Но на этот, по сути, мрачный прогноз никто не обратил тогда внимания. И эта кожиновская статья, в отличие от “Правды и истины”, была замолчана. До такой степени, что даже в изданный через десятилетия фундаментальный однотомник “Твардовский А.Т.: pro et contra” она не вошла волей составителя.
“Дорогой Вадим! — писал Кожинову Семён Шуртаков. — С огромным удовольствием прочитал... твою “Самую большую опасность...” и, как говорится, не могу промолчать. Присущая тебе обстоятельность, фундаментальность и безупречная логика сказались в этой исследовательской работе с особенным блеском.
Ну, и конечно, поражает огромность привлечённого материала. И если не быть наивным и не представлять, что весь этот материал никто тебе не положил на стол, а его надо бы найти, разыскать, “вычитать” из множества книг и статей, а потом ещё и соответствующим образом выстроить, — это же какой колоссальный труд!
Читаю тебя давно, наверное, больше двадцати лет.
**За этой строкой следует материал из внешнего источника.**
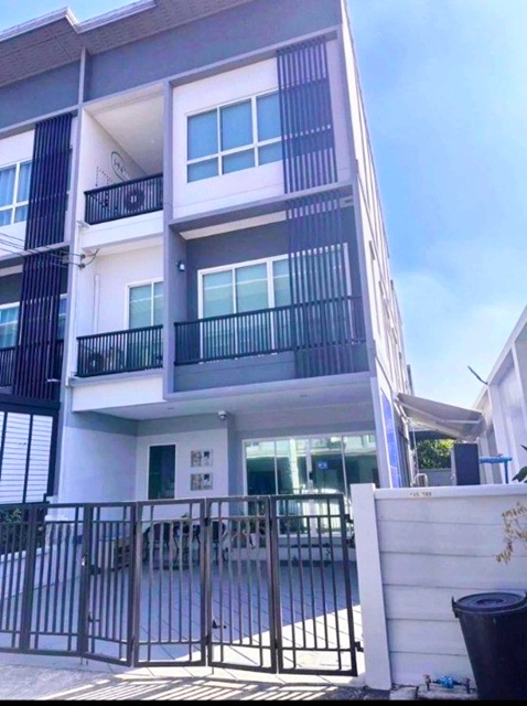 For sale/rent, luxury 3-story townhome, corner unit, on main road, 30 sq m, Wat Khubon School 600 m., Ram Intra-Ring Road, 350 sq m., 29,999-34,999 B-M., quiet, private, 4 bedrooms, 3 bathrooms, selling for 4.49 million baht. Phraya Suren Floating Market 1.9 km., Sammakorn, easy to find food, easy to travel, Kanchanaphisek-Khubon Road, MRT Khubon 2.7 km.
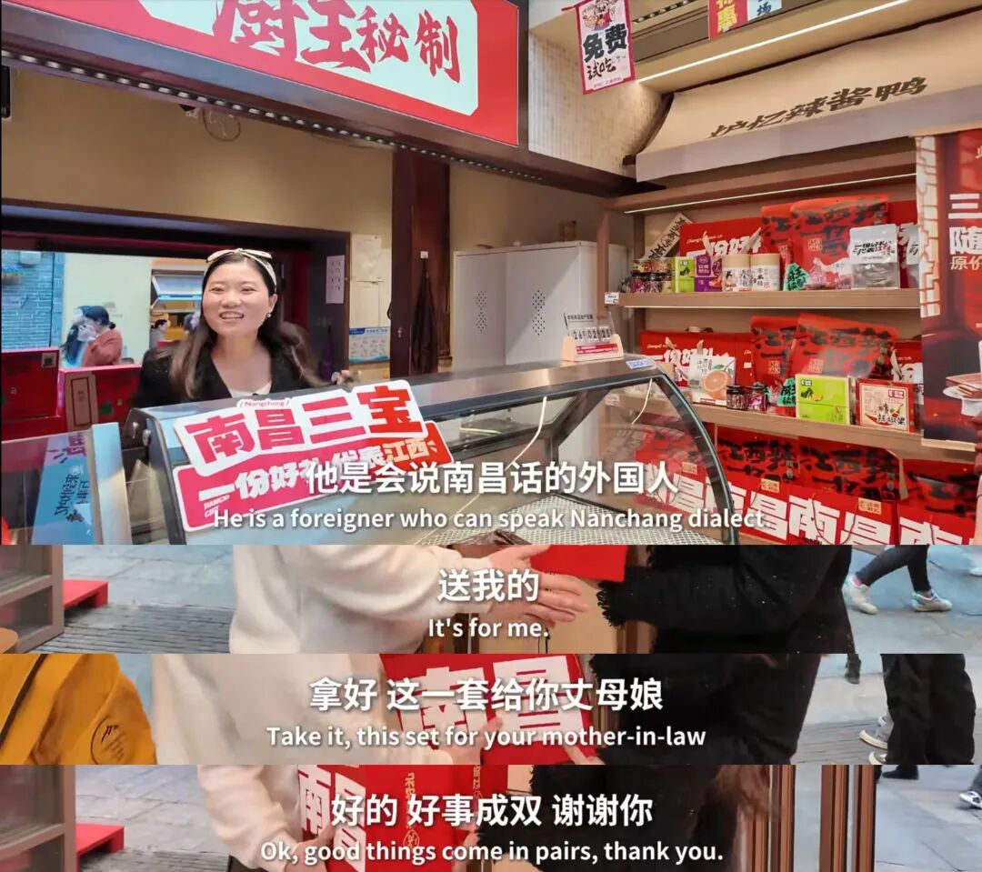 逛万寿宫时,巩义森被店主认出:“他是会说南昌话的外国人!”他谦虚地用南昌话回:“只会一点,说得不标准。”老板娘硬塞给他两袋“南昌三宝”:“一袋给你,一袋给丈母娘!”他连连道谢:“谢谢你!回去一定吃,尝尝江西风味。”

Что-то помню, а что-то, за временем, уже несколько затуманилось. Но я не могу припомнить, чтобы ты на протяжении этих десятилетий как-то менял ориентации, “уточнял” свою позицию и т.д. А ведь времена-то довольно круто изменились, многим хотелось бы свои давние и не очень давние критические опусы видеть “ненапечатанными” и никем “не прочитанными”, потому что… а вдруг кто-то нынешний прочитает — ведь стыд, позор...
Впрочем, как ты на примере главного “прораба перестройки” показываешь, никакого стыда такой народ не испытывает: стыд не дым, глаза не ест...”
Внешне неожиданно, но, по сути, совершенно закономерно, что ярыми апологетами “новой революции”, резко потом переместившимися на платформу чёрного антисоветизма, стали многие профессиональные партаппаратчики, непоколебимые в прошлом “столпы марксизма”, учившие “идеологической выдержанности” русских писателей. Впрочем, это касается не только идейных мастодонтов.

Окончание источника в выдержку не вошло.